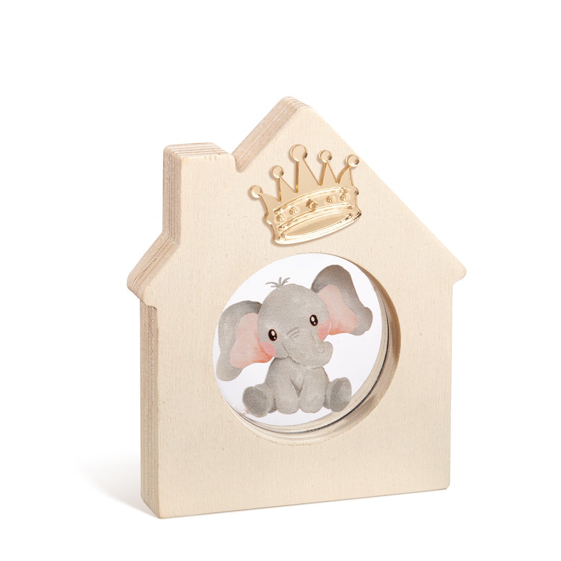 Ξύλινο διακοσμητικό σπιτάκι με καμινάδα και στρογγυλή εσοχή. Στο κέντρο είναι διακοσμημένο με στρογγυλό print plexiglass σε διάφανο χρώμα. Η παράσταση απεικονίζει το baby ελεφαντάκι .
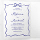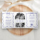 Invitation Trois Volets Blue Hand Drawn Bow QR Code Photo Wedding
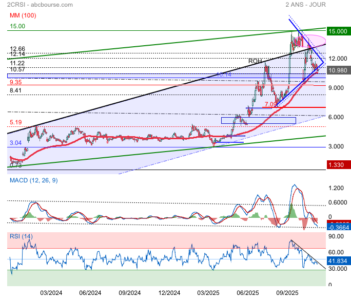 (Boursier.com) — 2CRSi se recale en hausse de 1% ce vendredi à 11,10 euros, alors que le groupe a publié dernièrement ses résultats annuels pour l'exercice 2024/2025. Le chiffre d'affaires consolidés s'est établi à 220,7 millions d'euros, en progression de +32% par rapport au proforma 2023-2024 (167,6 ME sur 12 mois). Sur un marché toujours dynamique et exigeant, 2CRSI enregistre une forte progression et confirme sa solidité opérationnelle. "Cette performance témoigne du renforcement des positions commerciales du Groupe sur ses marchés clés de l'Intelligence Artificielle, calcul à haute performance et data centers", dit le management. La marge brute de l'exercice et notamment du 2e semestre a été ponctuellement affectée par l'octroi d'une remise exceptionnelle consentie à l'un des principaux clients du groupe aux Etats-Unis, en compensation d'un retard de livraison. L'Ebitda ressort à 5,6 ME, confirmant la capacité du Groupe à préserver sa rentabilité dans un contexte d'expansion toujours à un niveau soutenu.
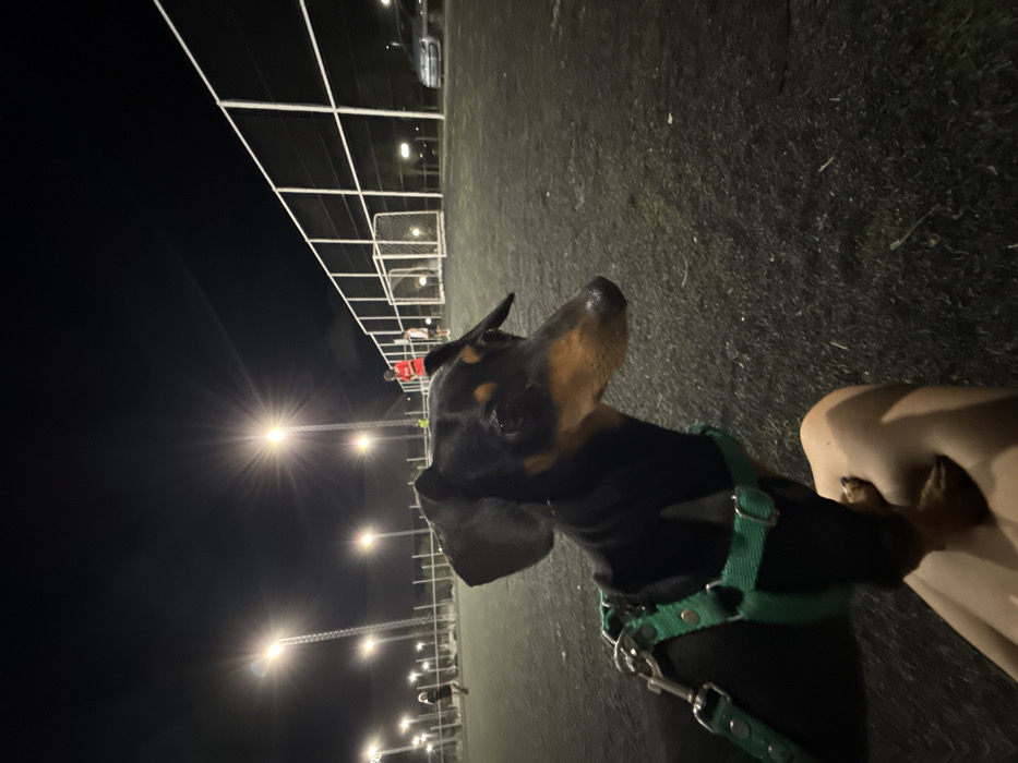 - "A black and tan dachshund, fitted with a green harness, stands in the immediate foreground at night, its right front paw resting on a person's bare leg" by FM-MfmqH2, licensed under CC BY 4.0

---

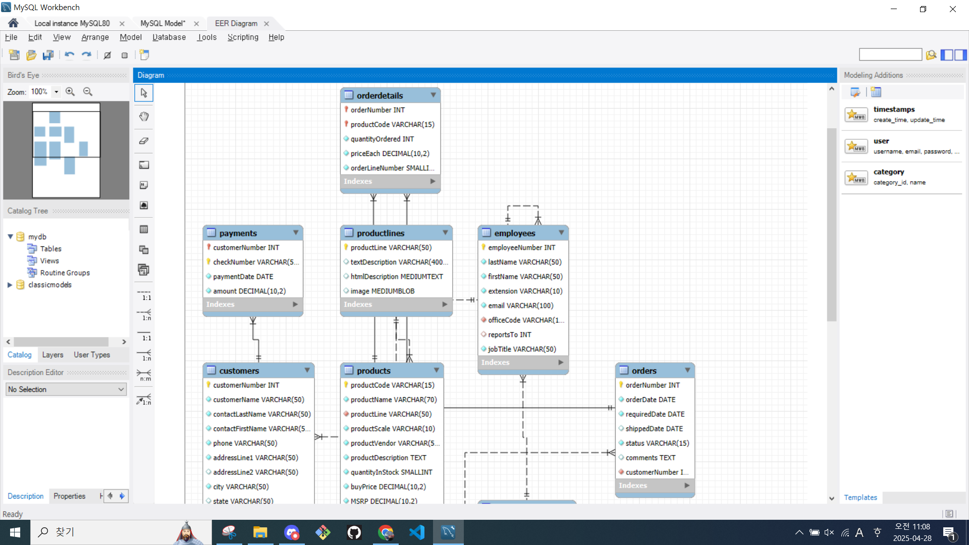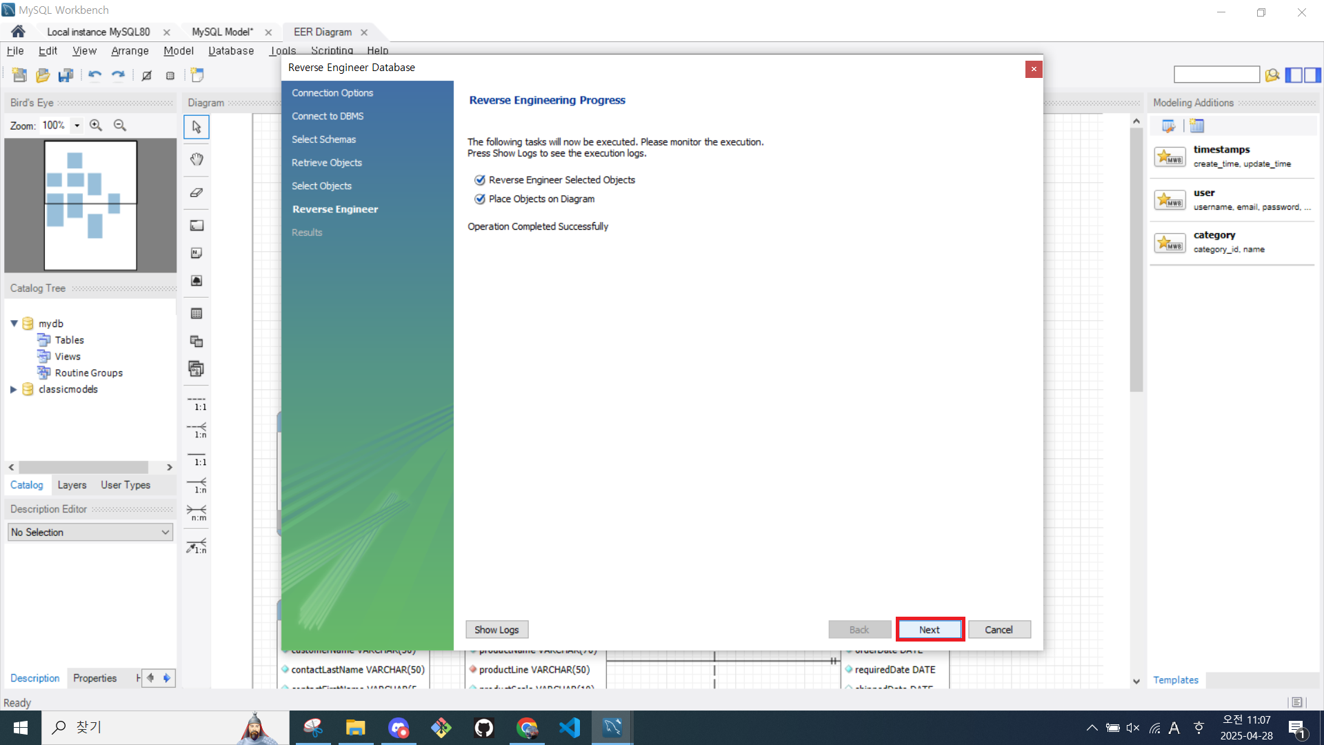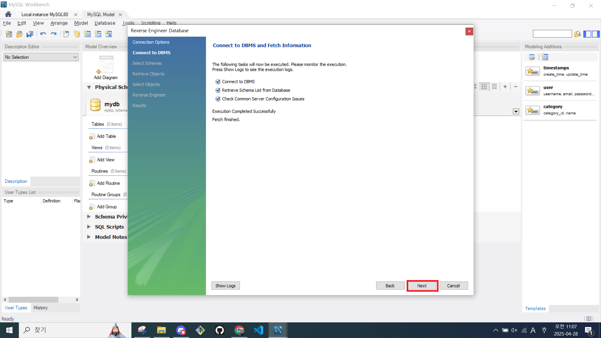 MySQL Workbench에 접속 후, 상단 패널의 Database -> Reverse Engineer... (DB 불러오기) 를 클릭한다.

[TO DO] Print exactly the lines above that run from the one with "Ξύλινο διακοσμητικό σπιτάκι" down to the one with "under CC BY 4.0", and omit the pictures.

[TASK RESPONSE]
 Ξύλινο διακοσμητικό σπιτάκι με καμινάδα και στρογγυλή εσοχή. Στο κέντρο είναι διακοσμημένο με στρογγυλό print plexiglass σε διάφανο χρώμα. Η παράσταση απεικονίζει το baby ελεφαντάκι .
 Invitation Trois Volets Blue Hand Drawn Bow QR Code Photo Wedding
 (Boursier.com) — 2CRSi se recale en hausse de 1% ce vendredi à 11,10 euros, alors que le groupe a publié dernièrement ses résultats annuels pour l'exercice 2024/2025. Le chiffre d'affaires consolidés s'est établi à 220,7 millions d'euros, en progression de +32% par rapport au proforma 2023-2024 (167,6 ME sur 12 mois). Sur un marché toujours dynamique et exigeant, 2CRSI enregistre une forte progression et confirme sa solidité opérationnelle. "Cette performance témoigne du renforcement des positions commerciales du Groupe sur ses marchés clés de l'Intelligence Artificielle, calcul à haute performance et data centers", dit le management. La marge brute de l'exercice et notamment du 2e semestre a été ponctuellement affectée par l'octroi d'une remise exceptionnelle consentie à l'un des principaux clients du groupe aux Etats-Unis, en compensation d'un retard de livraison. L'Ebitda ressort à 5,6 ME, confirmant la capacité du Groupe à préserver sa rentabilité dans un contexte d'expansion toujours à un niveau soutenu.
 - "A black and tan dachshund, fitted with a green harness, stands in the immediate foreground at night, its right front paw resting on a person's bare leg" by FM-MfmqH2, licensed under CC BY 4.0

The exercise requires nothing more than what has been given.